The Iraqi Jewish Archive is a collection of 2,700 books and tens of thousands of historical documents from Iraq's Jewish community found by the United States Army in the basement of Saddam Hussein's intelligence headquarters during the US invasion of Iraq in 2003.

The collection includes a wide variety of books and rare documents, ranging from 500-year-old commentaries on the Talmud to personal letters sent during the 1950s. These materials were abandoned during Operation Ezra and Nehemiah, when almost all Iraqi Jews made aliyah to Israel on the condition (imposed by the Iraqi government) that they leave their property behind. The Intelligence Agency of the Iraqi regime subsequently gathered these books and documents from synagogues and Jewish community institutions, eventually storing them in the basement where they would be found by the US Army.
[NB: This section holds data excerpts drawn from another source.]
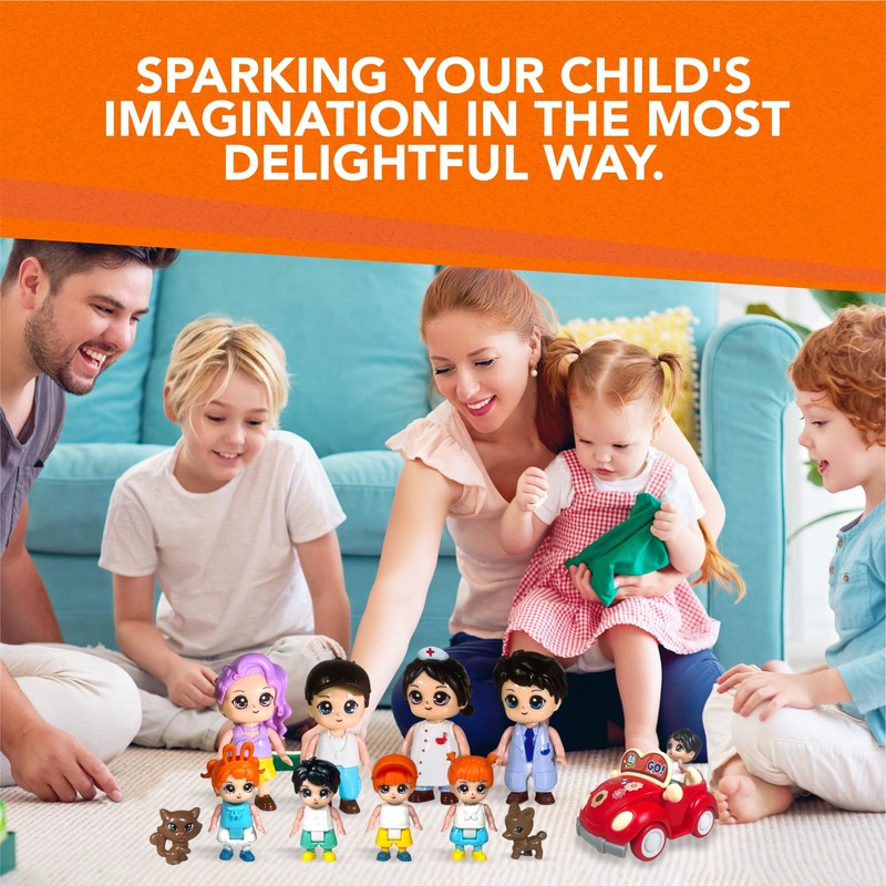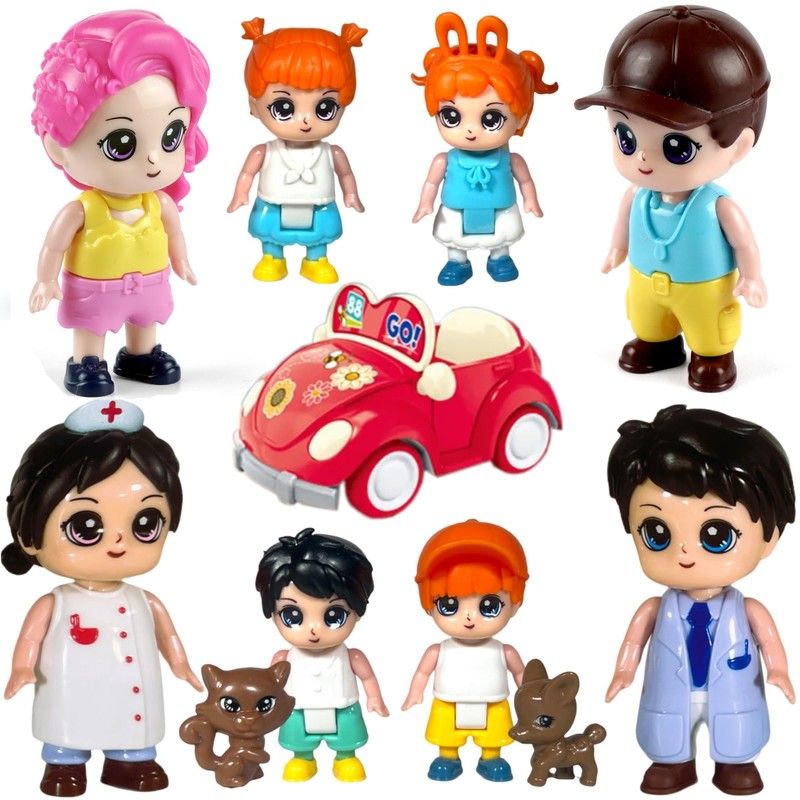 - MEET THE ADORABLE FAMILY: This doll set is full of fun and color. Featuring eight dollhouse people: a dad, a mom, and four boys & girls little people figures. They also have a cat, a dog, and a car.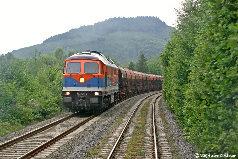 Im Jahr 2008 fuhr die ehemalige DB 232 105 unter der Flagge der Nordbayerischen Eisenbahngesellschaft in deren Hausfarben lackiert. Am 29. Juli bespannte sie einen Schotterzug von Bestwig zur Baustelle nach Brilon Wald mit dem es bei Olsberg zur Begegnung mit RE 93159 nach Hagen kam. Aus dessen Führerstand konnte dank Vormeldung dieses Beweisbild angefertigt werden.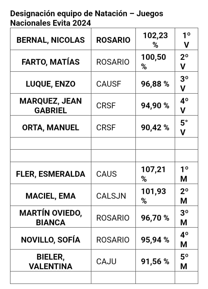 Esmeralda Fler, nadadora de Unión de Sunchales, fue seleccionada para integrar el equipo de la provincia que competirá en los Juegos Nacionales Evita a realizarse en Mar del Plata, del 4 al 9 de noviembre.
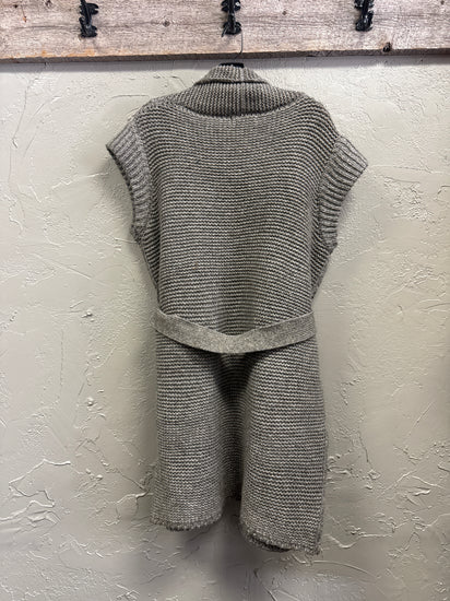 Description : Sleeveless long knitted cardigan vest in a medium gray-taupe color with a wide shawl collar, ribbed stitch texture and a matching knit belt tied at the waist; front is open with long vertical panels and slightly dropped armholes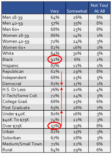 There are some other noteworthy elements highlighted in Table 1. Young people, whether male or female, are more apt to support higher rates than older generations. Though they are often knocked by older sets (including mine, the Gen Xers) for being self-absorbed, Millennials are not selfish — at least not financially, with respect to this poll and topic. Their willingness to pay more fits the narrative that Millennials are more concerned with quality of life (i.e., clean water) than the almighty dollar. The poll also shows that black and Hispanic respondents had more buy-in for higher water rates than white respondents. “Somewhat curious is the pattern of groups willing to pay over 10 percent: Younger adults, minorities, and those with lower incomes,” the poll report summarized. The higher-income groups saw less overall need for infrastructure improvement, which may explain less willingness to go beyond 10 percent on bill increases. Or it may simply mean that infrastructure and water quality issues are not as problematic or noticeable in higher-income communities. Table 2, gauging the “importance for water infrastructure to be modernized,” once again reveals more support for investment among those with less income, and also among those with less education. Table 2. How Important Is Water Infrastructure Modernization?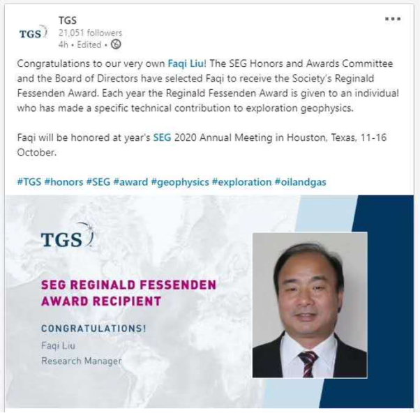 曲阜师大性爱网站讯 曲阜师大数学系82级校友刘法启今年被国际勘探地球物理学会(Society of Exploration Geophysics (SEG))授予Reginald Fessenden Award,这个奖项至今只有四位华人地球物理工作者获得。由于在地震波叠前偏移成像算法中的工作, 刘法启今年成为第五位获得这个奖项的华人地球物理工作者。该研究把逆时偏移算法中的低频噪音的产生机理进行了系统的理论分析和阐释, 并提出了一种快速稳定的算法将其与有效信号成功分离。该研究发表在地球物理杂志《Geophysics》上,后被很多研究人员引用, 并被广泛应用于地震波偏移成像和全波形反演工作中。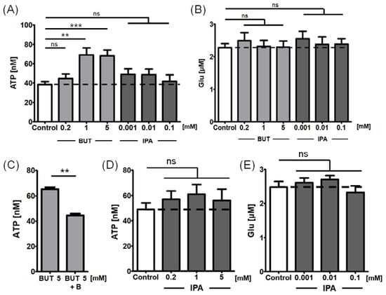 Effects of BUT and IPA on ATP and Glu release from the cultured astrocytes. (A) Effect on ATP release following 10-min treatment. (B) Effect on Glu release following 10-min treatment. (C) Attenuation of the BUT effect on ATP release by 30-min pre-incubation with BAPTA-AM 50 μM. (D) Effect on ATP release following 24-h pre-treatment with IPA. (E) Effect on Glu release following 24-h pre-treatment with IPA. The bars represent the mean estimates, whereas the whiskers indicate standard errors of means. Dashed lines indicate the levels of ATP and Glu release in control conditions (fresh experimental medium or HEPES buffered Ca2+-containing solution, respectively). Number of biological replicates n ≥ 9 for each condition. One-way analysis of variance with post hoc Dunnett’s test, significance level α = 0.05. ** p < 0.01, *** p < 0.001. ns—not significant, B—BAPTA-AM.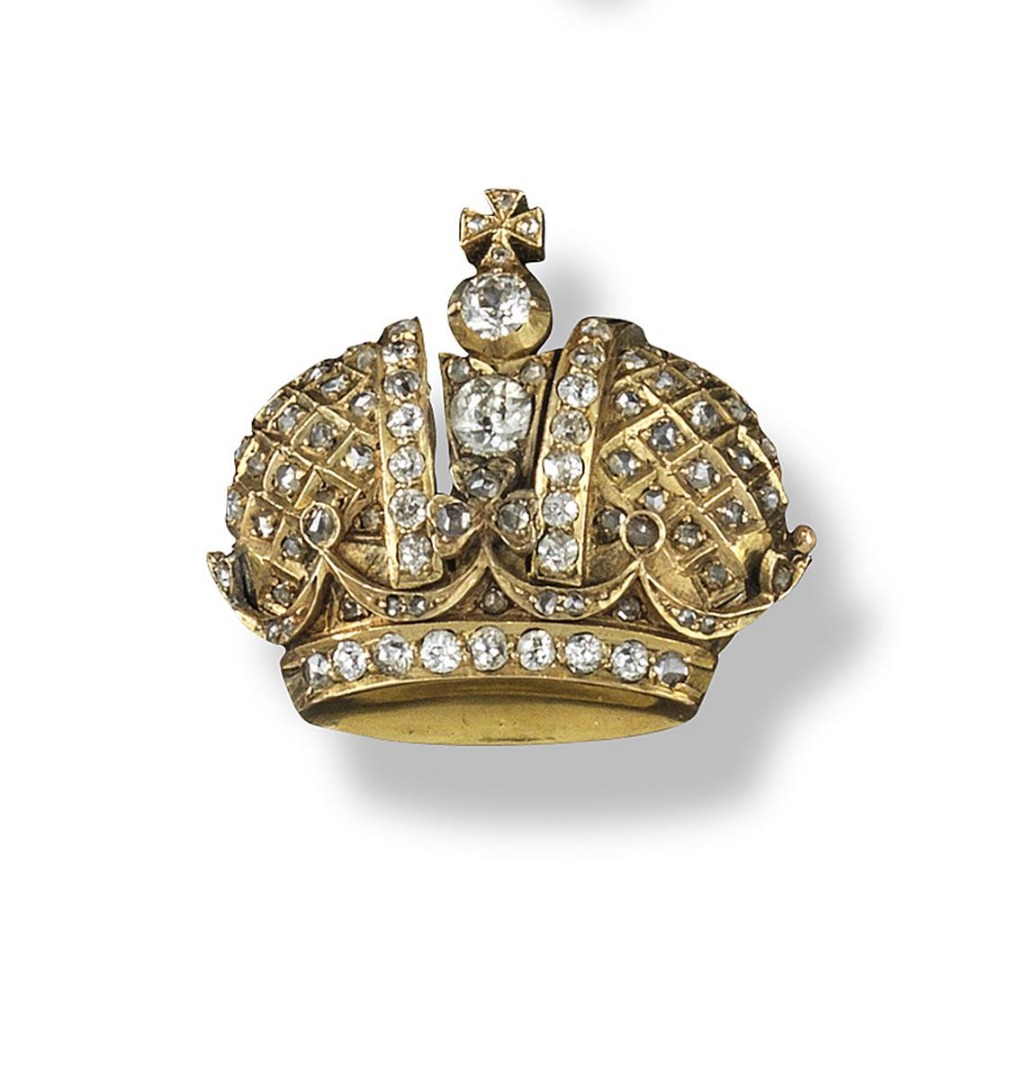 A diamond-set crown brooch possibly by Fabergé, the gold Imperial Crown of Russia is set with graduated old circular cut diamonds and rose cut diamonds. Indistinct mark on pin, probably A.H. With further marks to the catch including КФ. 2.5cm wide.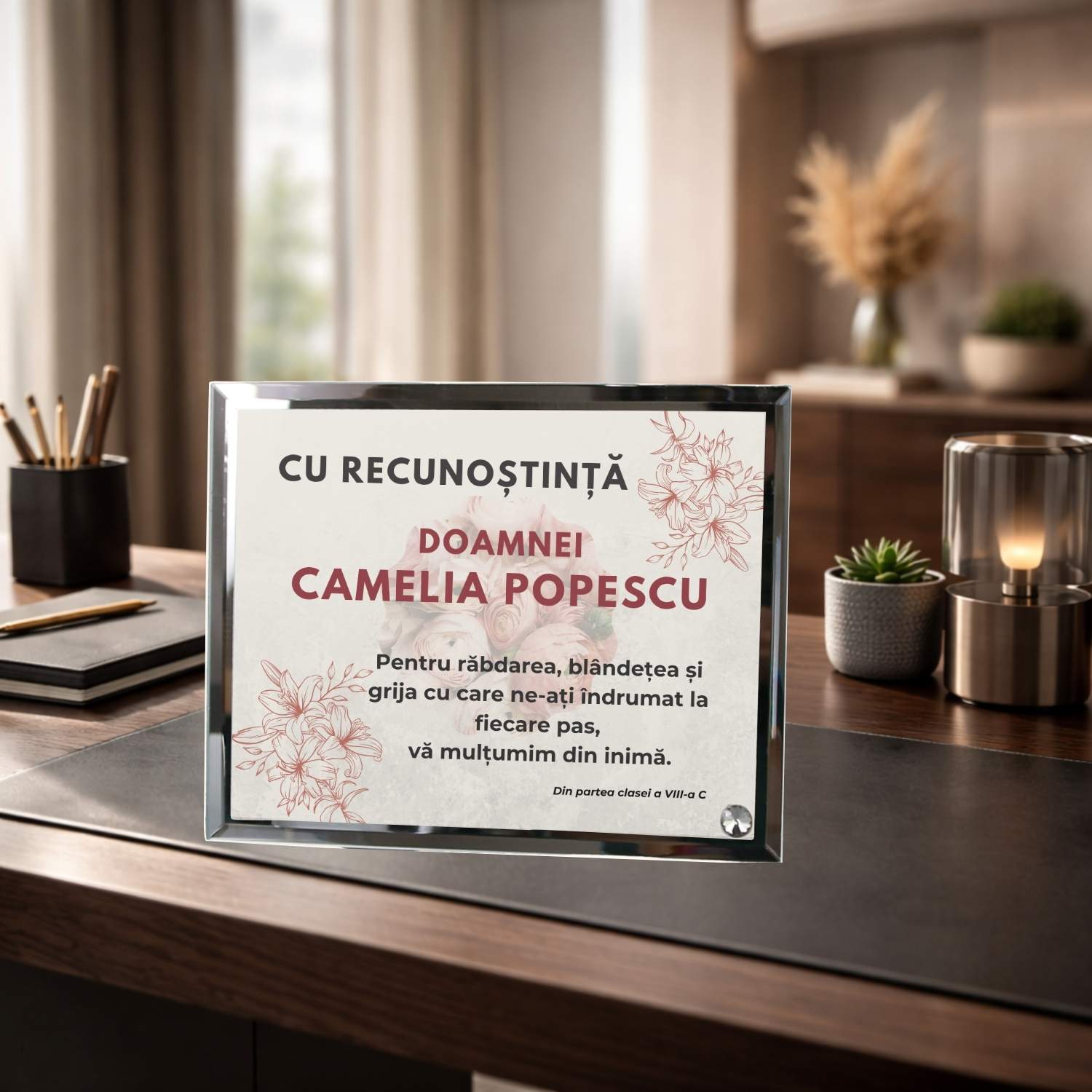 Plachetă apreciere profesoară personalizată. Model Certificat de apreciere, cadou elegant de sfârșit de an personalizat din sticlă.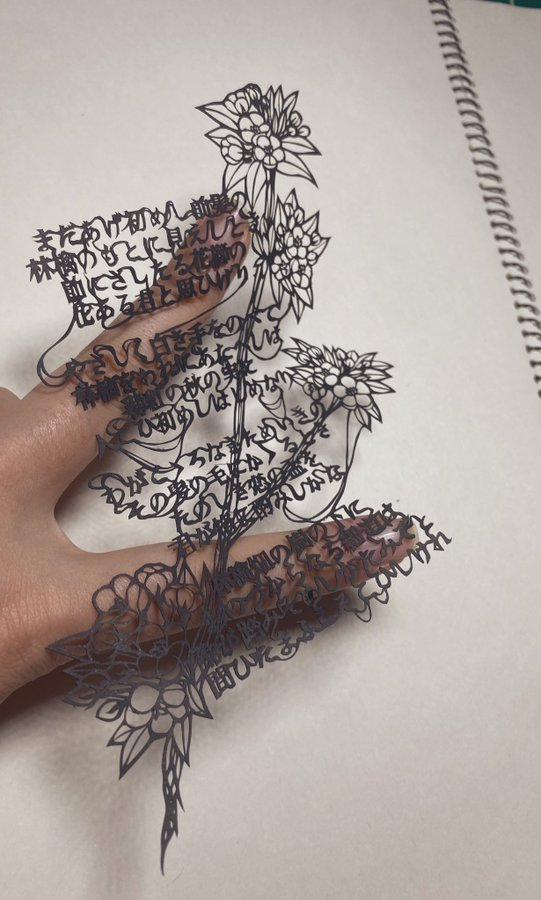 今天要來介紹一位剪紙藝術家梨々(@ririkirie),他使用紙雕技術將小說的扉頁文字一筆一劃的刻下來,形成一個薄如羽翼卻有著高超視覺效果的藝術品。這樣的創作也備受網友肯定,從沒想過剪紙可以將文字變成這個樣貌。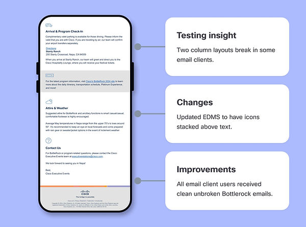 After the event was completed and the surveys filled out, this Cisco event was deemed a success because 85% of the invited tech leaders registered and attended. One key lesson learned through this project was the importance of testing early, so alternative designs or fixes can be implemented before launch. We were able to redesign and update emails, but this happened after the initial launch.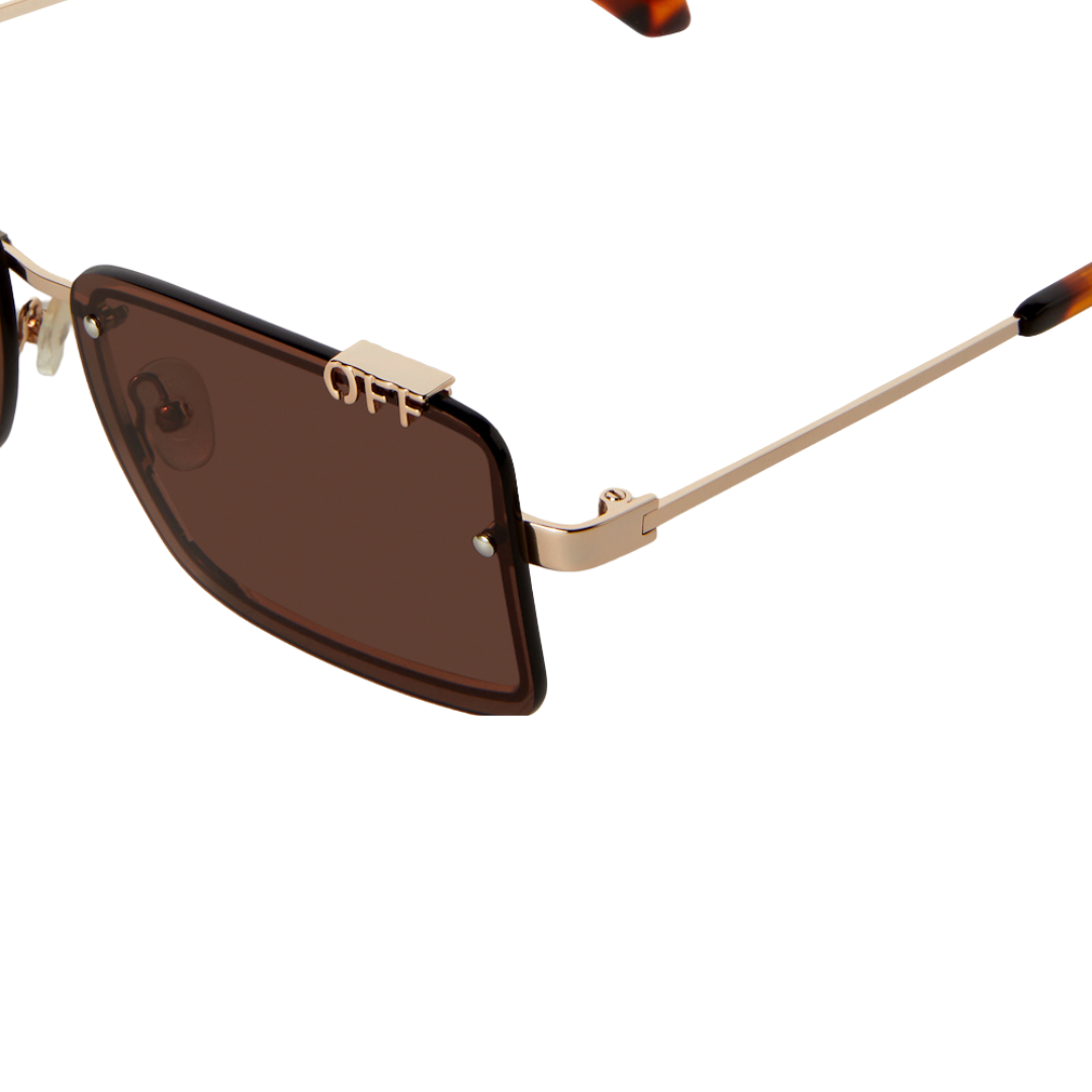La montatura rimless, con la sua forma rettangolare e la struttura esile in metallo, è accompagnata da naselli in silicone e terminali delle aste in acetato per un tocco di comfort. L’accessorio realizzato in Italia è completato da una placca con logo OFF sul frontale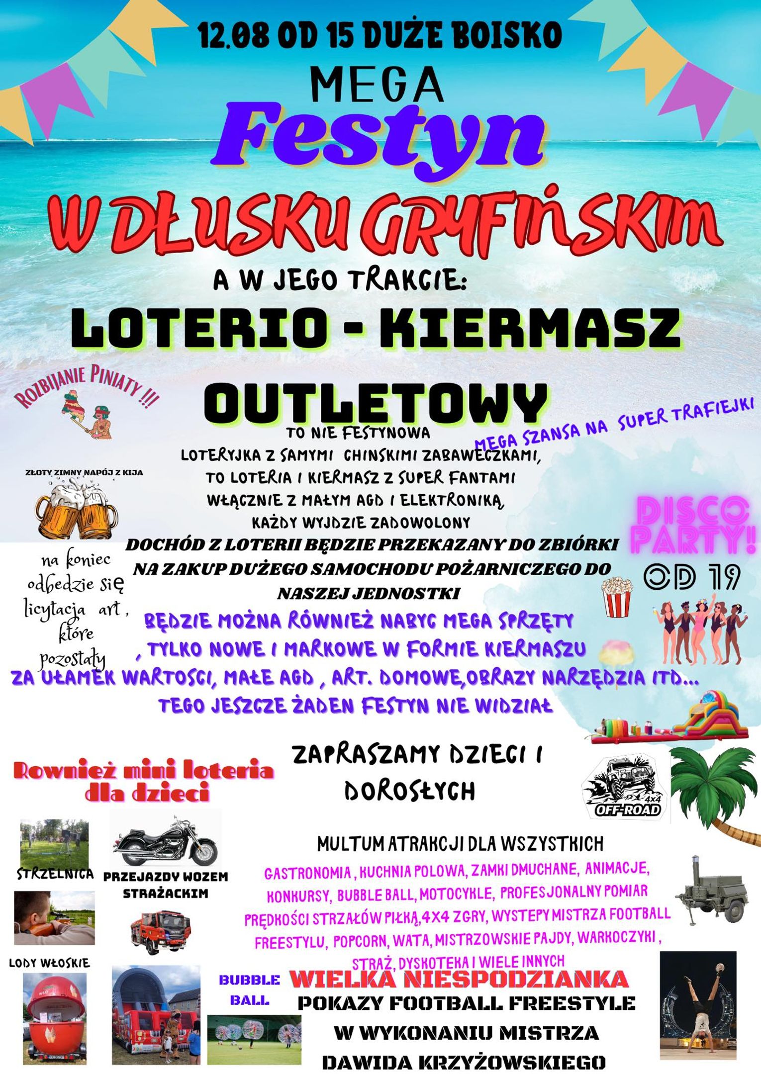Wyjątkowy festyn w Dłusku Gryfińskim nie będzie dotyczył jedynie piłki nożnej. To otwarte wydarzenie dla całych rodzin, które połączy outletowy loterio-kiermasz. Będzie można wygrać lub nabyć gadżety, sprzęty domowe, obrazy, a także produkty audio zachodnich marek i wiele innych wartościowych przedmiotów. Na zakończenie odbędzie się aukcja, podczas której będzie można wylicytować różnorodne sprzęty.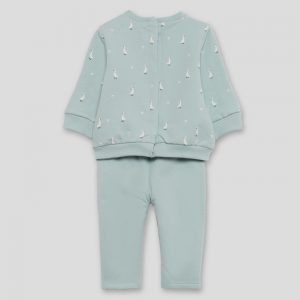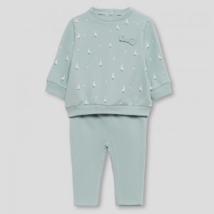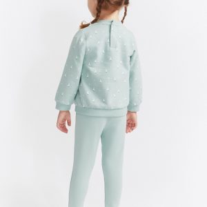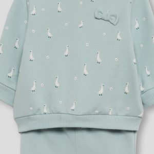 Conjunto de dos piezas para bebé niña, pensado para ofrecer comodidad y estilo en los meses más fríos. La sudadera, en color eucalipto, está elaborada en punto suave y luce un tierno estampado de patitos junto con un lazo decorativo en el pecho. Su cierre trasero con botones facilita el cambio en las tallas más pequeñas. Los leggings a juego, en color liso eucalipto, están confeccionados en punto elástico que se adapta con suavidad al cuerpo, aportando libertad de movimiento.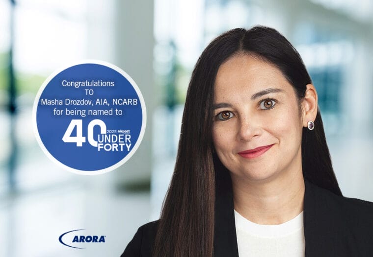 Arora Engineers (Arora) is proud to recognize Masha Drozdov, AIA, NCARB for her selection to Airport Business’ 2025 Top 40 Under 40, honoring her exceptional leadership and impact in the aviation design industry.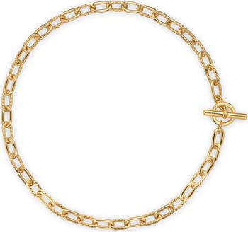 A toggle closure secures this signature chain necklace made of alternating sculpted cable and smooth links.

The archive has been in temporary US custody since 2003, and is scheduled to be transferred permanently to Iraq. This plan is controversial: some Middle-East scholars and Jewish organizations have opined that because the materials were abandoned under duress, and because almost no Jews live in Iraq today, the archive should instead be housed in Israel or the United States.

Discovery and preservation

The archive was found by the United States Army in 2003 in a flooded basement. It was rescued due to a book freezing process on special trucks. With the consent of the provisional Iraqi government, the archive was transferred to the National Archives of the United States in Washington, DC. At a cost of $3 million, the archive was digitized and is fully available online.
The documents are written in Hebrew, Arabic, Judeo-Arabic, and English. Certain irreparably damaged kosher scrolls (such as Torah scrolls and scrolls containing the Book of Esther) were ritually buried in accordance with Jewish law.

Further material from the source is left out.